This example showcases Resonate's ability to durably invoke functions recursively.

Instructions on How to run this example are below.

distributed factorial gif

The problem

There are two problems to address here.

The first problem exists within the context of platforms that provide "Durable Execution".

Most of these platforms force the usage of a "workflow" function and "step" / "activity" functions. The reason is that the "workflow" function is paired with an event history, qeuue, or journal which is used during a replay of the execution to know where to resume the execution without repeating side-effects.

This separation makes for a messy and expensive process for a Workflow function to directly call itself.
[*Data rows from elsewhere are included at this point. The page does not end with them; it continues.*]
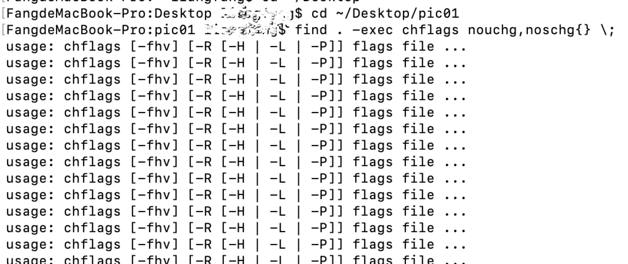 那是因为命令错了 noschg 和 { 之间必须有个空格。命令行中的空格是关键因素,不得马虎。
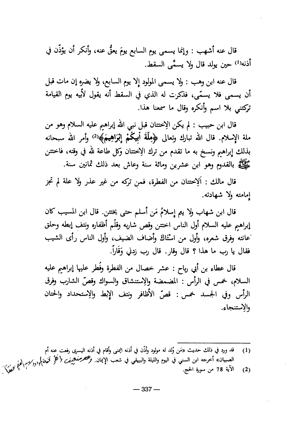 قال ابن شهاب ولا يتم إسلام من أسلم حتى يختتن. قال ابن المسيب كان إبراهيم عليه السلام أول الناس اختتن وقص شاربه وقلم أظفاره ونتف إبطه وحلق عانته وفرق شعره، وأول من استاك وأضاف الضيف، وأول الناس رأى الشيب فقال يارب ما هذا؟ قال وقار. قال رب زدني وقارا. قال عطاء بن أبي رباح: عشر خصال من الفطرة وفطر عليها إبراهيم علية السلام، خمس في الرأس: المضمضة والاستنشاق والسواك وقص الشارب وفرق الرأس وفي الجسد خمس: قص الأظافر ونتف الإبط والاستحداد والختان والاستنجاء.
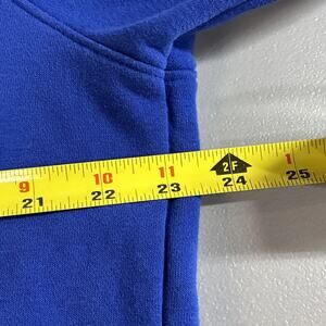 Under Armour Pepsi Sweatshirt Men’s Large Blue Fleece Loose ColdGear Pullover. There is a small black dot on the bottom of front pocket. No other stains or tears. Measures 46" chest (23" pit to pit), 28" long (top collar to hem), and 24" sleeve length.
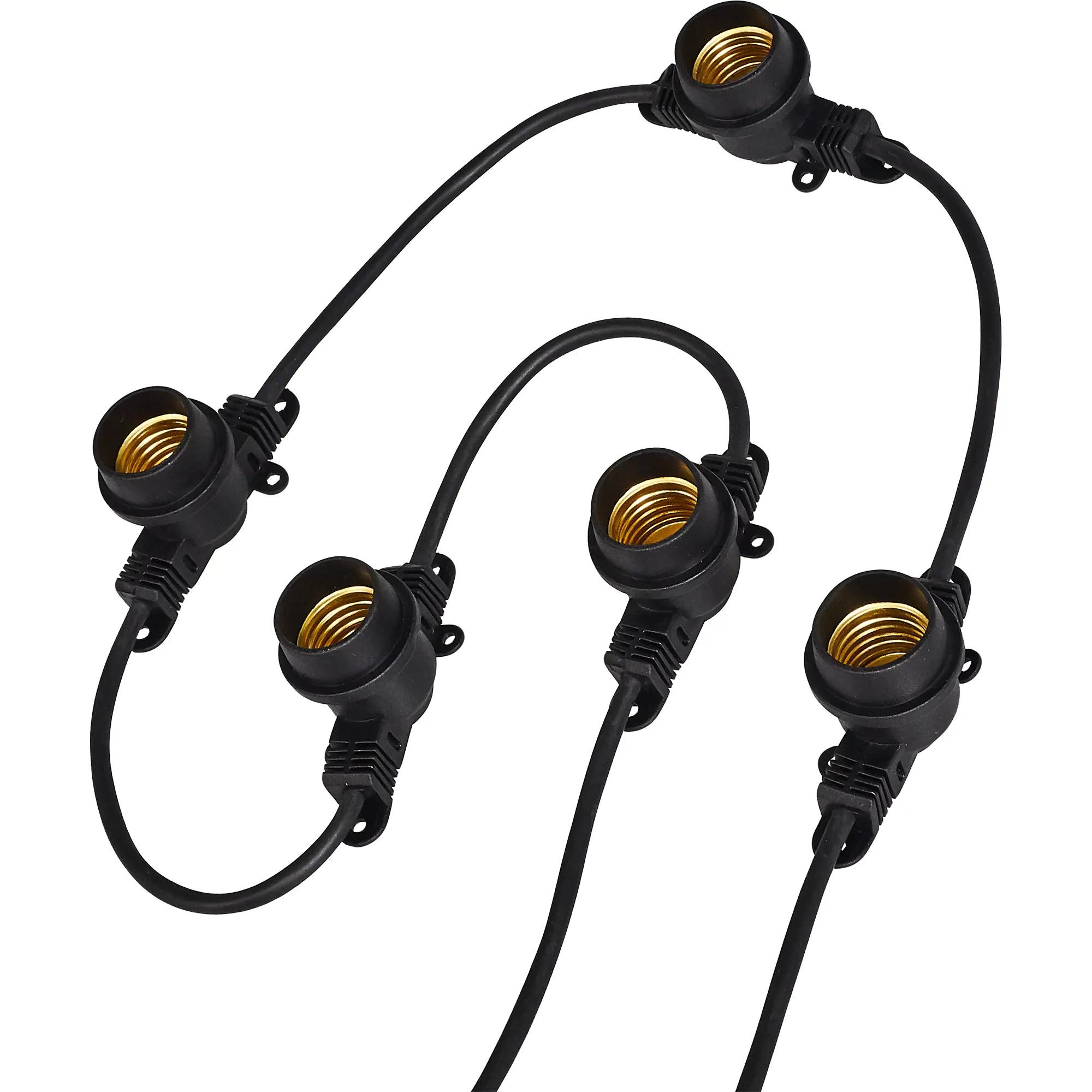 Уличная гирлянда BELT-LIGHT применяется для формирования декоративного освещения, праздничного оформления, акцентной подсветки с использованием ламп с цоколем Е27. Длина гирлянды - 5 метров, 10 патронов с цоколем Е27. Расстояние между патроновами 50 см., максимальная мощность нагрузки - 3680 Вт, максимальный ток - 16А. Сечение 2×1,5мм. Параллельная схема соединения ламп - при перегорании одной из ламп питание остальных ламп не прерывается. Внимание! Гирлянда BELT-LIGHT не является самонесущей. Для установки необходимо использовать несущий трос. Лампы в комплект не входят.
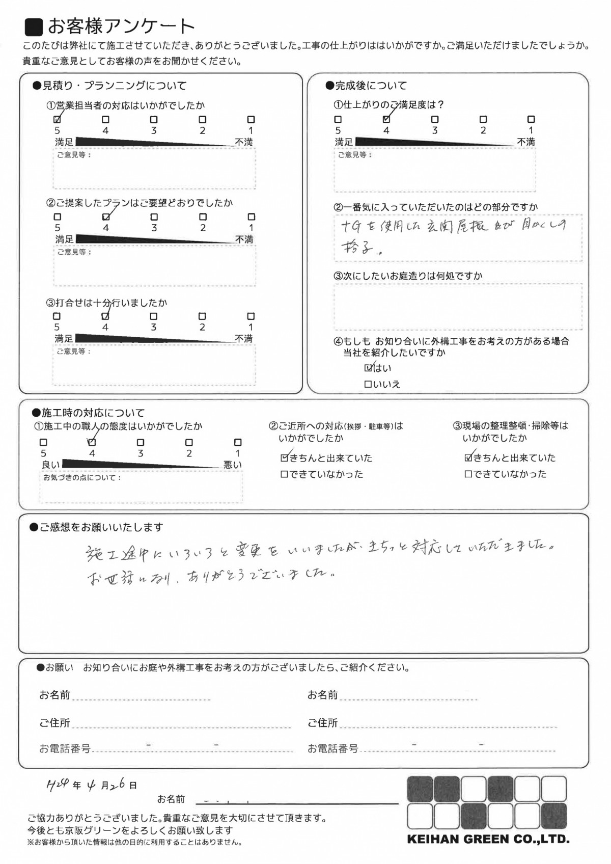 施工途中にいろいろと変更をいいましたが、きちっと対応していただきました。
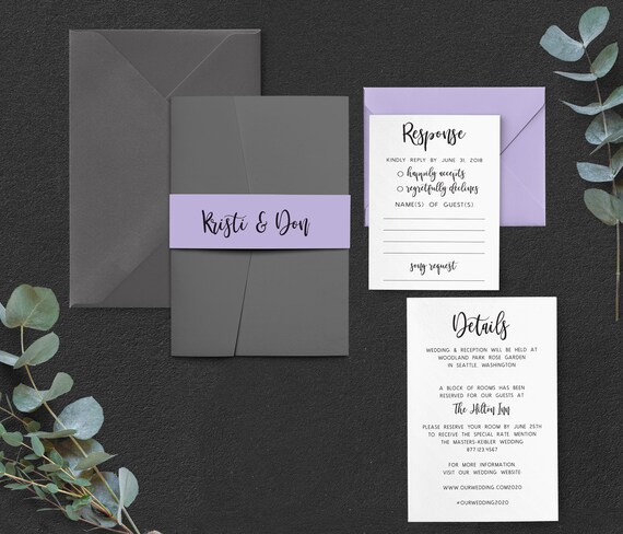 Purple And Grey Boarding Pass Wedding Invitation Card Purple Grey Wedding Invitations

It is messy in that the code is usually overly complicated, and it is expensive in that there multiple events per invocation entered into the history, each of them often requiring a network call. So, how do you have simple, clean, but also durable code?

The second problem is more general, which is how do you cache results for expensive operations and not repeat them?

Consider calculating factorials. The result of any given factorial is always the same. The higher the factorial, the more expensive the operation is. It would be ideal to cache the result of an expensive operation in case it is needed again right?

But where is the cache? What does the code look like to access it? How do you check if there is already a result there?

The solution

Resonate's solution to both of these problems is the Durable Promise.

The first thing to know is that there is a 1:1 relationship between a Durable Promise and a function invocation. That is — when a function is invoked, a single Durable Promise is created. The Durable Promise represents the invocation event. And it remains in a PENDING status until it is either RESOLVED with a result or REJECTED by the business process.

This means that there is no distinction between "workflow" functions and "step"/"activity" functions. There are just Durable Functions.

And this means it is relatively trivial for a function to call itself recursively without the code looking messy, and without that operation being expensive in terms of bloating an event history and unnecessary network calls.

The second thing to know is that a Durable Promise is a write once register. A Durable Promise is permanent and once it has a value, it will never change.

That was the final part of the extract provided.